Automated lung field segmentation in CT images using mean shift clustering and geometrical features

Lung field segmentation is a prerequisite for development of automated computer aided diagnosis system from chest computed tomography (CT) scans. Intensity based algorithm such as mean shift (MS) segmentation on CT images for delineation of lung field is reported as the best technique in terms of accuracy and speed in the literature. However, in presence of high dense abnormalities, accurate and automated delineation of lung field becomes difficult.
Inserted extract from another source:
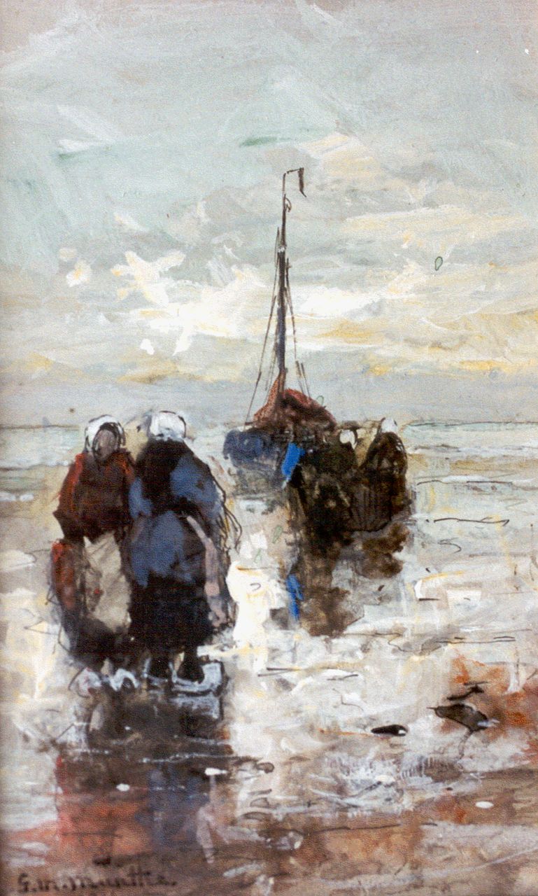 Morgenstjerne Munthe kunstwerk • aquarel • tekening • voorheen te koop Vissersvrouwen op het strand van Katwijk

So an improved lung field segmentation using mean shift clustering followed by geometric property based techniques such as lung region of interest (ROI) created from symmetric centroid map of two normal subjects, false positives (FP) reduction module (using eccentricity, solidity, area, centroid features) and false negatives (FN) reduction module (using overlap feature between clusters from MS label map and convex hull of costal lung) is proposed. The performance of the proposed algorithm is validated on images obtained from Lung Image Database Consortium (LIDC) - Image Database Resource Initiative (IDRI) public database of 17 subjects containing nodular patterns and from local database of 26 subjects containing interstitial lung disease (ILD) patterns. The proposed algorithm has achieved mean Modified Hausdorff Distance (MHD) in mm of 1.47 ± 4.31, Dice Similarity Coefficient (DSC) of 0.9854 ± 0.0288, sensitivity of 0.9771 ± 0.0433, specificity of 0.9991 ± 0.0014 for 133 normal images from 32 subjects and MHD in mm of 6.23 ± 9.00, DSC of 0.8954 ± 0.1498, sensitivity of 0.8468 ± 0.1908, specificity of 0.9969 ± 0.0061 for 296 abnormal images from 43 subjects.